As for your site, you have a canonical domain problem.
You urls are accessible both as www and non-www.
Your homepage is at 4 urls:
http://www.innovation-point.com/
http://www.innovation-point.com/index.htm
http://innovation-point.com/
http://innovation-point.com/index.htm
You need to decide if you want to use www or non-www urls and 301
redirect the "wrong" form to the preferred one.
You also need to refer to the homepage (i.e. the root) as "/" (or
using the preferred domain name, e.g. http://www.example.com/ ). Never
as index.htm . So you need to change yoru navigation accordingly. 301
redirect index.htm back to root.
Since you are on an Apache serevr the solution is simple using
the .htaccess file:
Options +Indexes +FollowSymlinks
RewriteEngine on
RewriteBase /
### re-direct index.htm to root / ###
RewriteCond %{THE_REQUEST} ^[A-Z]{3,9}\ /.*index\.htm\ HTTP/
RewriteRule ^(.*)index\.htm$ /$1 [R=301,L]
### re-direct non-www to www
rewritecond %{http_host} ^innovation-point.com [nc]

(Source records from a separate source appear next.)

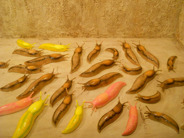 忙しさも落ち着いて、まだまだ残暑が厳しいものの、猛烈な暑さと電力需要のピークが過ぎ、最近またコンスタントにパンを焼いております。水の代わりにトマトジュースを用いたパンは、なぜだかモッチリとしていて、なおかつやわらかくてよく膨らみます◎香りもよいのでサンドするものにも対外よくマッチします♪ さて、昨夜で全ての会期が終了した「第4回・むし展」ですが、今宵はその撤収作業に励みました。虫文字を構成していたチーム・ナメクジは解散の号令とともに各々のホームグラウンドへと還って行かれました* そして次の企画展の設営もお手伝いさせていただきました。と言うのも、今度のニヒル牛2の企画展「闇展」は、皮革作家の宮田蓉子さんが主催だからです! 会期は9/2(金)~16(金)まで、12:00~20:00*木曜定休です。 秋の始まりには是非、想像力満載でオリジナリティあふれる“ミヤタワールド”をご堪能ください(*_*)/~
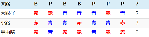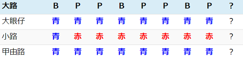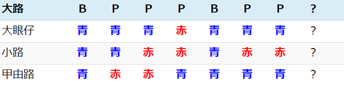 とらえどころのない罫線である。Bの5目ツラが出て、Pが弱いかとみるとBの3目にツラ返しである。ただし、中国罫線をみるとどの罫線をみても長いツラ目がない。つまり「パターンのないパターン」である。ここはどちらかというとPに人気は集まったが、Bに賭けた。大眼仔、小路、甲由路いずれをみても、青が来るとパターンであるのがお分かりいただけると思う。結果はBが5で勝った。
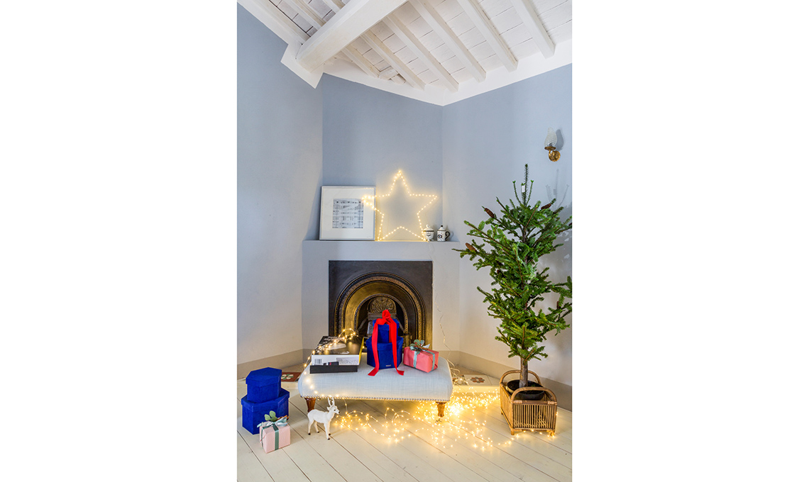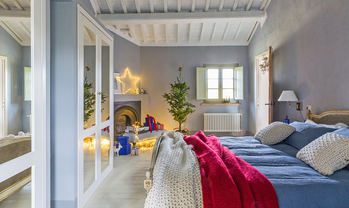 Il camino in camera è un altro pretesto per ricreare dei giochi di luci scintillanti come cristalli di ghiaccio; e la panchetta vestita è il palcoscenico perfetto per i regali più intimi, da scartare la notte di Natale.
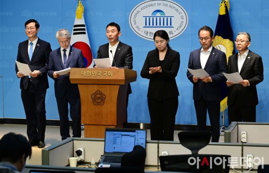 아시아투데이 이병화 기자 = 장경태·김용민·민형배·강준현·김문수 더불어민주당 의원이 11일 국회 소통관에서 검찰개혁 관련 기자회견을 열고 검찰청법 폐지법안, 공소청 신설법안 등 발의한 법안들에 대해 설명하고 있다. ⓒ "젊은 파워, 모바일 넘버원 아시아투데이"
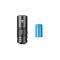 Alimentée par une batterie lithium-ion intégrée rechargeable via un port Micro-USB, accessible en dévissant la tête de la lampe.
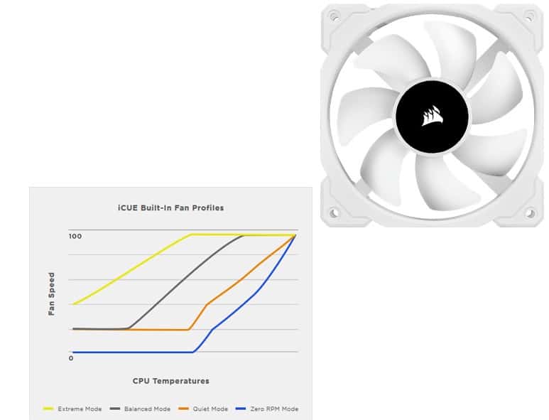 Zero RPM cooling profiles in CORSAIR iCUE software allow fans to stop entirely at low temperatures, eliminating fan noise.

rewriterule ^(.*)$ http://www.innovation-point.com/$1 [r=301,nc]
You have some easy to fix validation errors:
http://validator.w3.org/check?verbose=1&uri=http%3A%2F%2Fwww.innovati...
I suggest also you remove the first line in the source code:
<!-- saved from url=(0022)http://internet.e-mail -->
It will put the browser into quirks mode (anything before the doctype
would) and you may have unexpected layout problems.
Also remember for the future that sending (and receiving) web pages by
email may change the source code. Best is to zip them and email them.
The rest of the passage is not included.